Я рассказал Алле то, что ей следовало знать, чтобы не сдать меня ближайшим ментам. Я поведал ей о своем трудном детстве, проведенном в регионе с высокой подростковой преступностью, о разборках с пацанами из других районов, о том, как летом в деревне нам, городским, приходилось махаться с местными за право потанцевать с девчонками, которых те считали своей собственностью. В общем, я подвел её к мысли, что считаю весь мир вокруг угрозой собственной жизни, и потому прилагаю определенные усилия, чтобы защититься. Алле, девочке из очень благополучной московской семьи, всё это было в некотором роде внове, так что она внимала мне, очаровательно раскрыв ротик. А потом согласилась, что я имел право взять с собой в поездку смертоносные железяки. Правда, она заставила меня пообещать, что я не буду их доставать по каждому чиху, и я честно произнес слова требуемой клятвы, поскольку собирался достать нож по конкретному поводу и в конкретном городе. В бандитов в местах общего пользования, которыми я обосновал наличие у меня боевого оружия, я не верил абсолютно.

Рассказал также и о том, чем была вызвана наша остановка в безлюдном лесу, но в этом случае Алла наотрез отказалась верить в то, что Михаил Сергеевич занимается чем-то незаконным или вообще шпионит на империалистов. Я тоже сомневался, но точно знал, что береженого бог бережет.

В итоге мы провели целый час в душеспасительных беседах, и до Каширы добрались с опозданием, но я решил не менять планов. Мы зашли в магазин неподалеку от железнодорожной станции, где Алла озаботилась наполнением нашей продуктовой корзины — под моим чутким руководством, конечно. Поели жутко вредных, но очень вкусных жареных пирожков с повидлом, выпили по стакану московского кваса из большой цистерны и попросили наполнить им мой термос, чай из которого мы допили во время разговора в лесу. Потом заглянули в промтоварный, где я сумел найти неплохие плавки, которые выглядели значительно лучше того убожества, что были у меня. Алла немного пооблизывалась на купальники, но в итоге ограничилась двумя махровыми полотенцами — выяснилось, что эти полезные вещи мы с ней дружно забыли.

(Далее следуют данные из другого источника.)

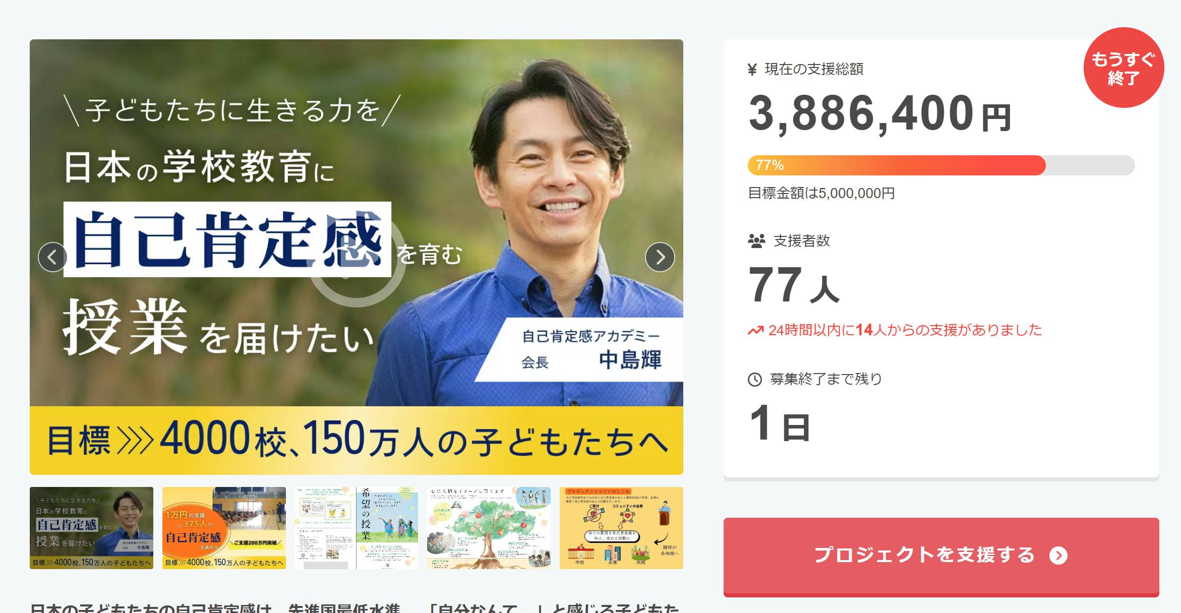 2025/12/31 10:23【本日、最終日です】「日本の未来を、自己肯定感から変える」いよいよ、私たちの挑戦の最終日がやってきました。これまでにご支援・応援・シェアをしてくださった皆さま、心より感謝申し上げます。現在のプロジェクト状況はこちらhttps://camp-fire.jp/projects/890062/viewあと少しで、目標達成。ここまで来られたのは、皆さま一人ひとりの想いと行動があったからこそです。■プロジェクトのはじまり「今の日本に、私たちができることは何か?」「自己肯定感を軸に、社会を良くすることは本当に可能なのか?」そんな問いから、このプロジェクトは始まりました。講座や支援の現場で届く声は、時に胸を締め付けられるようなものばかりです。家族を支える余裕がない子どもを愛したいのに、うまくできない誰からも必要とされていないと感じるそれでも、どうにか希望を持ちたい。どうにか「生きていてよかった」と思いたい。その希望の根っこにあるのが「自己肯定感」なのです。■私たちの約束たとえ環境が厳しくても。たとえ誰かに否定されても。自分の心の中に、「自分を信じる力」「幸せを感じる力」を育てることはできます。それは誰かだけが持つ特別なものではなく、すべての人に必要な“心の土台”です。私たち自己肯定感アカデミーは、この“土台”を、教育・医療・福祉・家庭へと届け続けてきました。そしてこのプロジェクトでは、それを全国へ、そして次世代へと広げていくことを目指しています。■最後のお願いいま、この文章を読んでくださっているあなた。もしこの理念に少しでも共感していただけましたら、最後の最後まで、私たちの背中を押していただけないでしょうか?1人でも多くの方にシェアしていただくご家族や友人に「こんなプロジェクトがあるよ」と伝えていただく可能であれば、ご支援という形で応援していただくそのすべてが、大きな力になります。■今夜、感謝と未来を分かち合う年越しLive開催!本日、大晦日の夜は「年越しクラファンLive」を開催いたします。Zoomで参加されるもよしFacebook Liveで覗き見も大歓迎!ご一緒に、心あたたかく新年を迎えられたら幸いです。Zoom参加はこちらhttps://us06web.zoom.us/j/6385952917ミーティングID: 638 595 2917|パスコード: 222Facebook Live有川大輔・飛田剛 代表のアカウントからご覧いただけます。最後まで読んでいただき、本当にありがとうございます。未来は、誰かが与えてくれるものではありません。私たち一人ひとりが、“自分の心”からつくっていくものです。このプロジェクトは、その第一歩です。どうか最後まで、よろしくお願いいたします。 もっと見る

В Кашире я потратил один талон, чтобы дозаправить «двушку» — теперь нам должно было хватить бензина почти до Богучара. Но такого длинного перегона у нас не получилось.

Вскоре я услышал какой-то неприятный звон в двигателе. Пришлось съезжать на обочину, поднимать капот и пытаться вспомнить, что может издавать такой звук в несложном вазовском движке. После нескольких минут чесания затылка в голове всплыло полузабытое словосочетание «детонация топлива»; ещё минута ушла на то, чтобы продолжить цепочку ассоциаций и дойти до октанового числа местного бензина. Видимо, изначально двигатель «двушки» был настроен на более высокое значение, а я без особой рефлексии накормил его 76-й. Что ж, проблема эта была не самая страшная, а, главное, решаемая в полевых условиях.

Два движения ключа — и я решил, что мы готовы двигаться дальше.

Правда, оказалось, что машина так не думает. Она почти не реагировала на газ, разгонялась жутко медленно и вообще тупила, как двоечник у доски. Пришлось снова останавливаться и возвращать трамблер немного назад. Это помогло — «двушка» снова стала послушной, а неприятный звон прекратился.

Кроме того, Алла почему-то постоянно, чуть ли не каждые полчаса, требовала остановиться и передохнуть. Сначала я ей терпеливо рассказывал, что каждый такой отдых — это бездарно потерянные часы, но она не прониклась. Её объяснения своих требований были слишком примитивными. То ей приспичило пописать — что она и сделала, гордо удалившись в лесопосадки. То нужно было переодеть блузку — словно этого нельзя было сделать прямо в машине, а я ведь обещал не смотреть. Кроме того, мы останавливались во всех крупных городах, через которые проезжали — в Ефремове, Ельце и, разумеется, в Воронеже. Пополняли там припасы, перекусывали, разминали ноги.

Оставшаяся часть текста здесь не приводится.